More than 13,600 service members were kicked out of the military for their sexuality under the Don’t Ask, Don’t Tell policy, according to the MARADMIN.

Another commenter said the post was “totally against my morals and beliefs” and said the Corps is succumbing to “influences that do not belong.”

Yarbrough replied: “No one is asking you do anything but accept them as themselves.”

A spokesman for Headquarters Marine Corps did not comment on everything posted by the chief warrant officer, but did say most of Yarbrough’s replies matched with the Corps’ values.

“Although social media management policies vary between commands, much of the dialogue on this post shows the command responding directly to statements that are not in line with Marine Corps values or current policy,” Capt.
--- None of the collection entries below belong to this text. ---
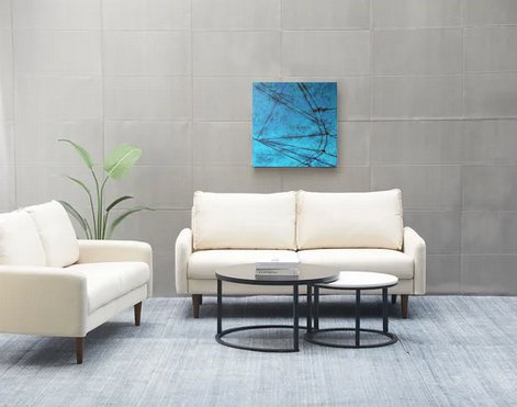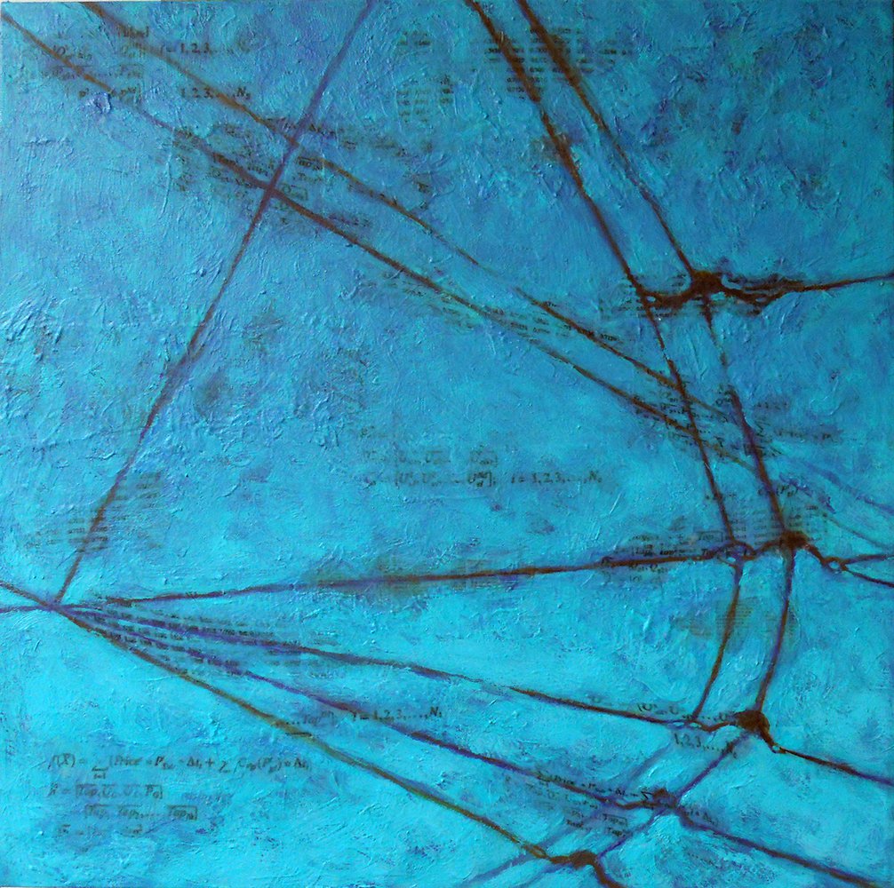 LINESCAPES SERIES: This painting, 'LineScape II, King & Bathurst', represents a chapter in my ‘Totem’ series. With ‘LineScapes’, I look, in closer detail, at the incredible network of wires above us, intersecting the skies over our cities. I focus on the graceful, dynamic patterning they create when captured as a small section of the tangled views overhead. The results are strong, graphic abstract paintings. For each canvas, I choose a lyrical interplaying section of wires to paint. For This one, 'Linescape II', I added a layer of photo transfers of text and numbers that suggest the unheard, unseen communication and energy running through the lines. As I paint over top the photo transfers, I leave areas clear around the linework, creating an aura glowing around the lines representing the power inside.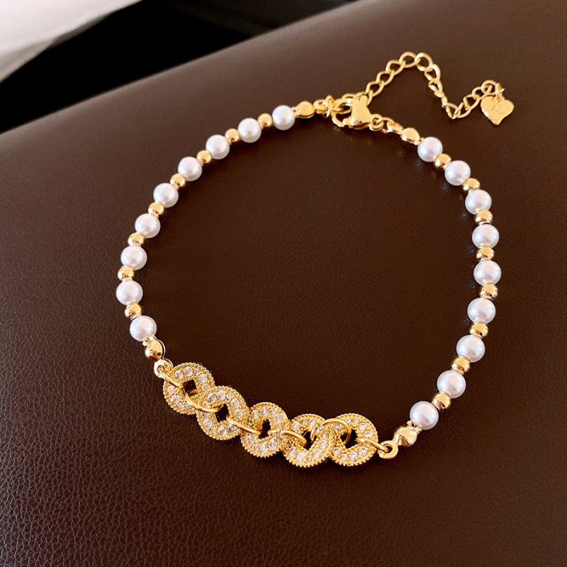 golden-pearl zircon copper coin beaded bracelet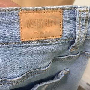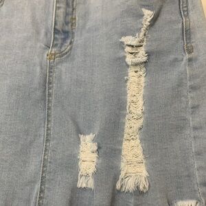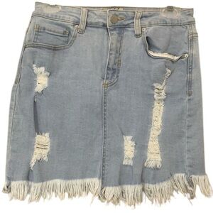Denim BLVD Slim Fit Rugged Jean Skirt Waist 28 Distressed Mini Skirt Blue Wash
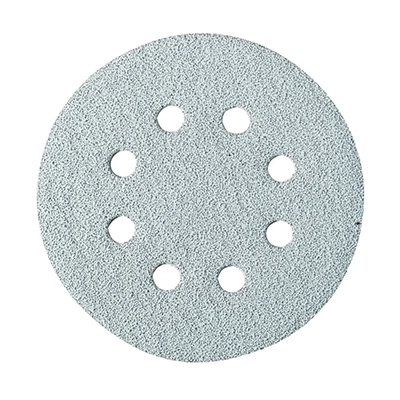 Especialmente para eliminar o desbastar pintura, laca, barniz o yeso, la gama de abrasivos HiKOKI incluye papel de lija blanco. Los granos de óxido de aluminio blanco con revestimiento de esterato cálcico, que evita la obstrucción del grano, están adheridos a este papel con una doble capa de resina sintética. Los granos recubiertos tienen la propiedad adicional de permanecer afilados durante mucho tiempo; una buena propiedad para la eliminación de material. El esterato de calcio actúa como agente desmoldeante; impide que el grano caliente se adhiera a la cara abrasiva del papel. La rotación constante de la base de lijado evacua eficazmente el abrasivo hacia los bordes. Este resultado es aún más notable cuando se utiliza un sistema adecuado de extracción de polvo. La resina utilizada contribuye a alargar la vida útil de estos abrasivos. Permanece estable bajo el calor de fricción generado durante el proceso de lijado y, en parte por ello, es muy utilizada en la industria del automóvil.

Joseph Butterfield told Marine Corps Times in an email Tuesday.

“Muting or deleting negative comments allows certain thought processes to go unchallenged,” Butterfield added. “Social media is a two-way communication tool that allows us to engage multiple audiences directly, and sometimes that means disagreeing with members of an audience.”

One comment from Yarbrough did raise eyebrows in the Pentagon, however.

Butterfield said Headquarters Marine Corps would be reaching out Yarbrough’s command about his use of black socks in his utility uniform.

“This is assuming the drill instructors don’t talk to him first,” he said.